You can track the changes to the table space allocation using the list tablespaces
show detail command. The changes made by the automatic self tuning memory are
logged in files named stmm.#.log in the stmmlog directory. This directory is under
the SQLLIB directory for the instance owner in Linux and UNIX, under the
SQLLIB\Instance directory on Windows.
Another important thing to look at on the server is the memory usage of DB2 and the
entire server. On Windows you can determine the amount of RAM on the server by
opening My Computer, and then selecting Help and About Windows.

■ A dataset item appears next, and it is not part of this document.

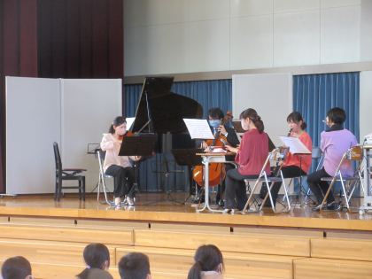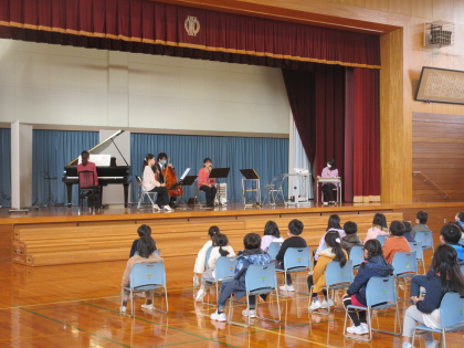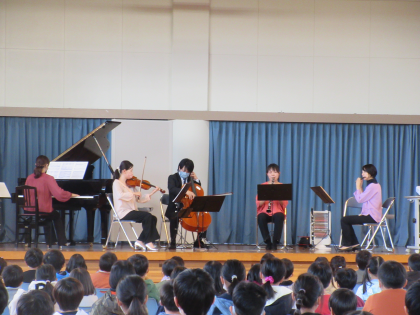 本日、県文化振興財団主催の学校コンサートを開催しました。「ピアノと管弦楽器によるアンサンブル」として、ピアノ、ヴァイオリン、チェロ、フルート、クラリネットの生の演奏を聴かせていただきました。子供たちは、集中して演奏を聴き、いろいろな楽器の音色や曲に親しんでいました。コンサートの後、各教室では友達同士で楽しそうに感想を話し合っていました。

In UNIX and Linux the command free will display the amount of real memory (RAM)
on the system, and how much is currently in use and available. In the case below
there is 1GB of real memory on this server, and approximately 717MB is allocated to
applications.
Study DB2
Nothing is more valuable in the long run than that a DBA who is widely experienced,
and as widely read as possible. This study should include DBA manuals, magazines,
newsgroups and mailing lists.
The comp.databases.ibm-db2 news group is a great place to learn from, and share
information with, your fellow DBAs.
For more detailed information you should also look for our DB2 Certification Guide
series, as these books are very informative.
Weekly procedures
Look for new objects
It is important to know if people are creating new tables, indexes, stored procedures,
etc. in your production database. New objects typically indicate that a new
application has been installed on the server and any new applications and/or objects
will impact the operational characteristics of your system.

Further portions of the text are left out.